## Required work
Your task is to output the listing exactly, leaving every image out.

## Dataset extract
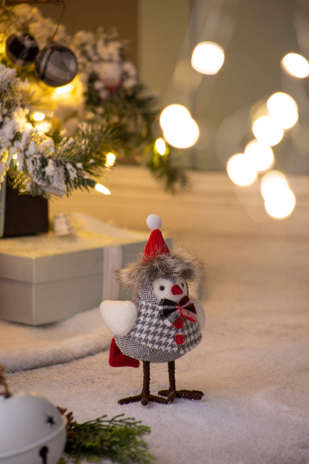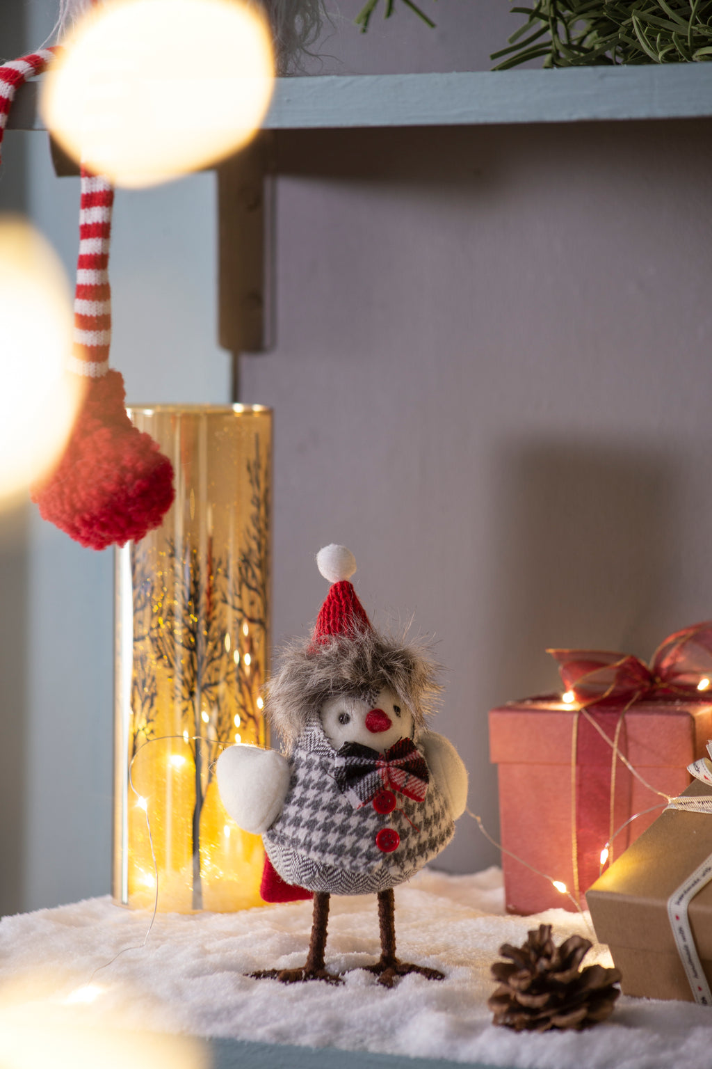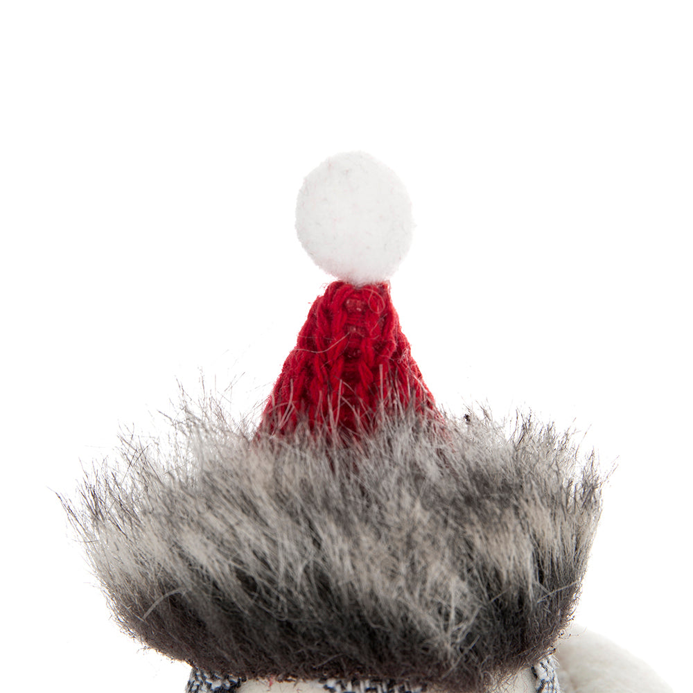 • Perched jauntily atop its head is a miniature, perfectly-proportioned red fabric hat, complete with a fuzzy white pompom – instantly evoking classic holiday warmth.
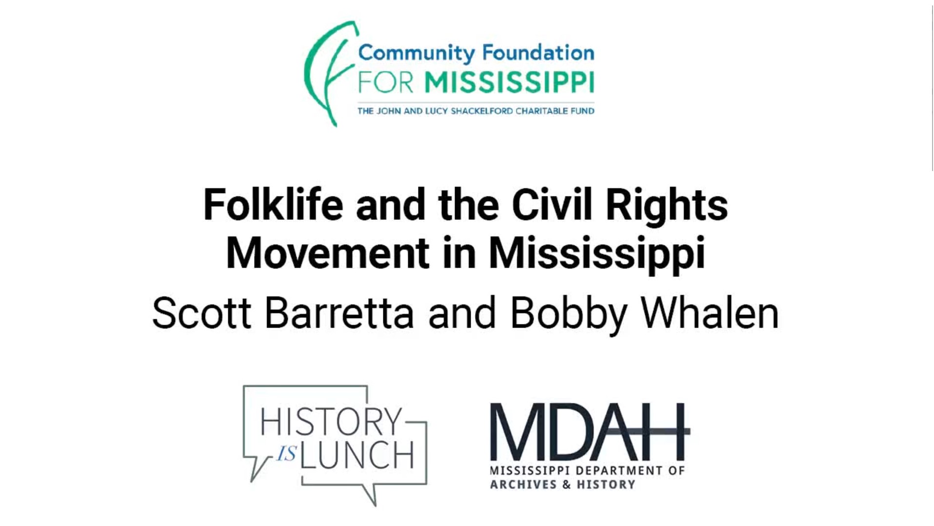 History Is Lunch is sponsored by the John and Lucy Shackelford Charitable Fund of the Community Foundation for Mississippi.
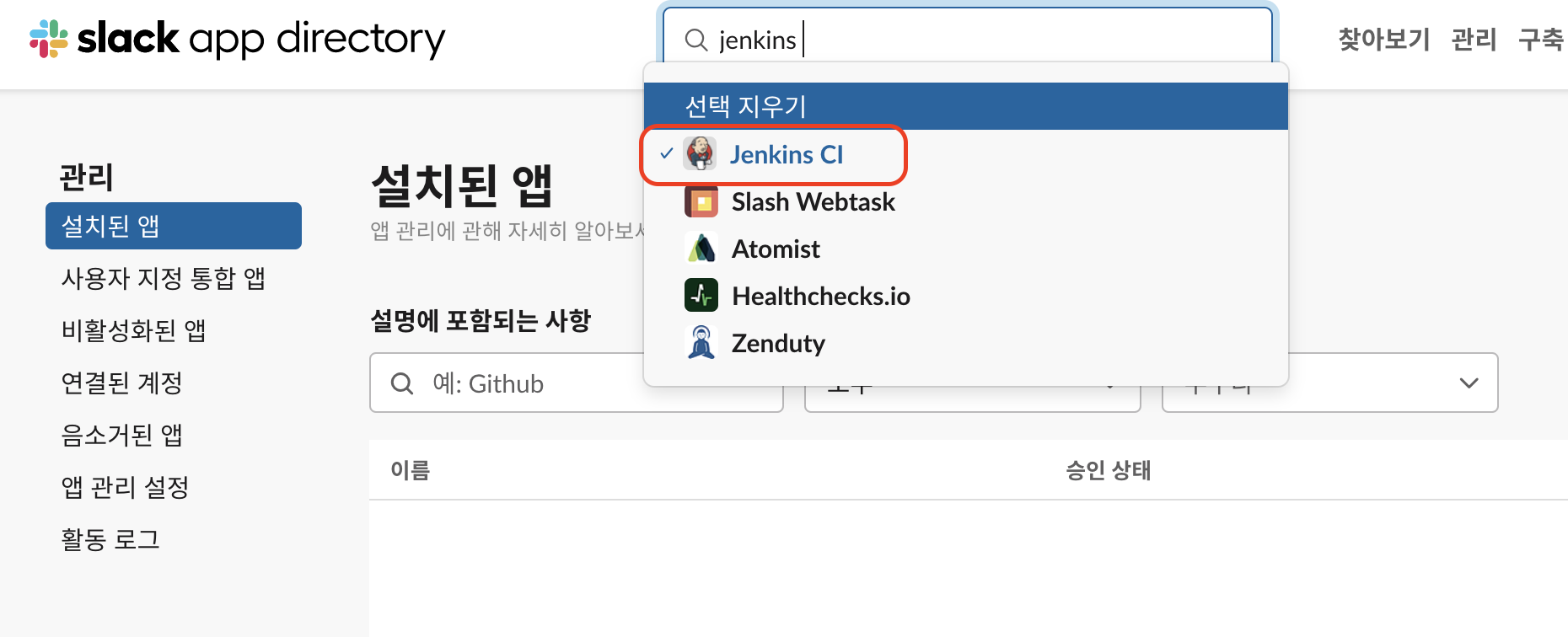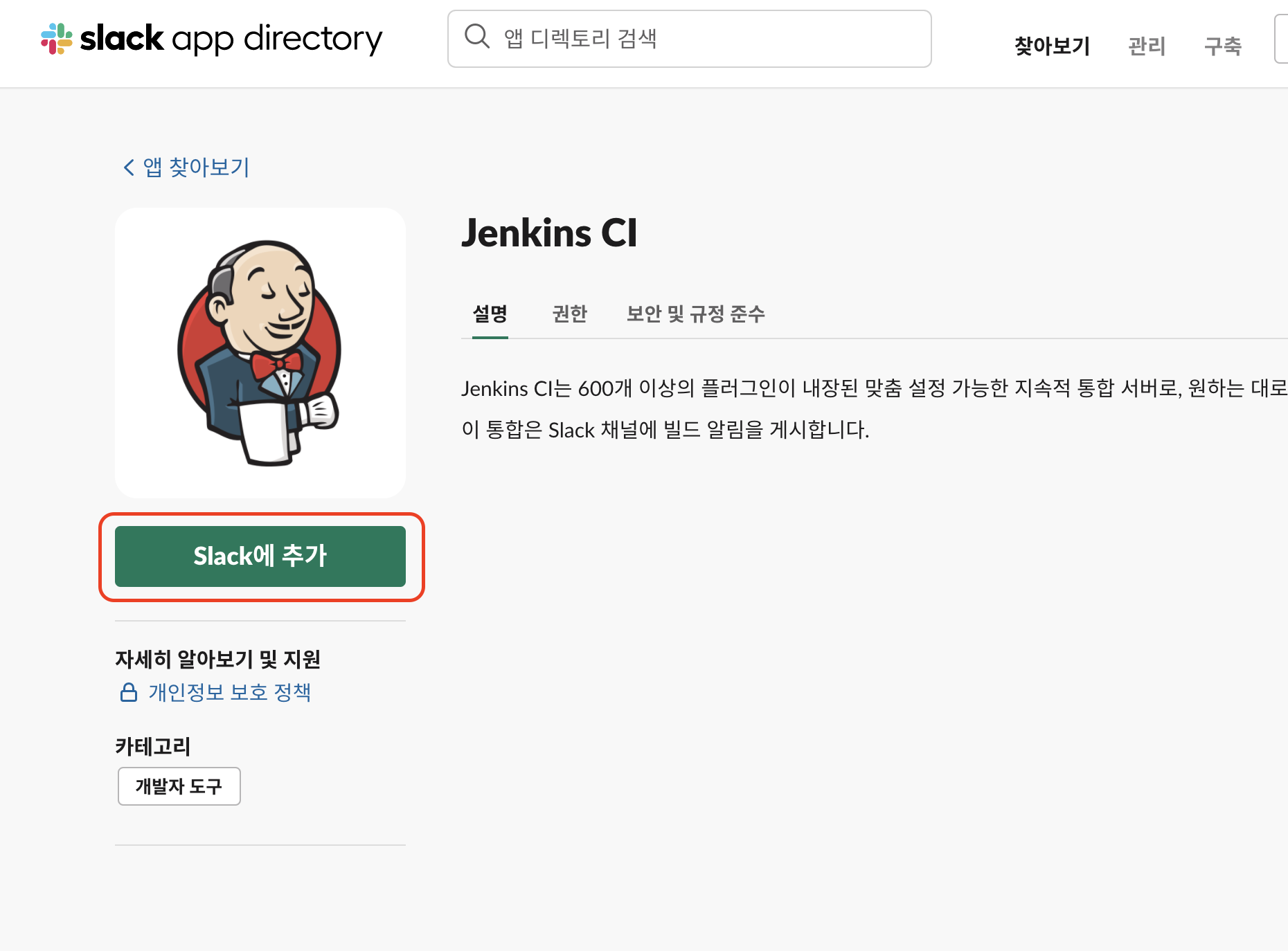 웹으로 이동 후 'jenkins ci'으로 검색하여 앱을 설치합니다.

## Task response
 • Perched jauntily atop its head is a miniature, perfectly-proportioned red fabric hat, complete with a fuzzy white pompom – instantly evoking classic holiday warmth.
 History Is Lunch is sponsored by the John and Lucy Shackelford Charitable Fund of the Community Foundation for Mississippi.
 웹으로 이동 후 'jenkins ci'으로 검색하여 앱을 설치합니다.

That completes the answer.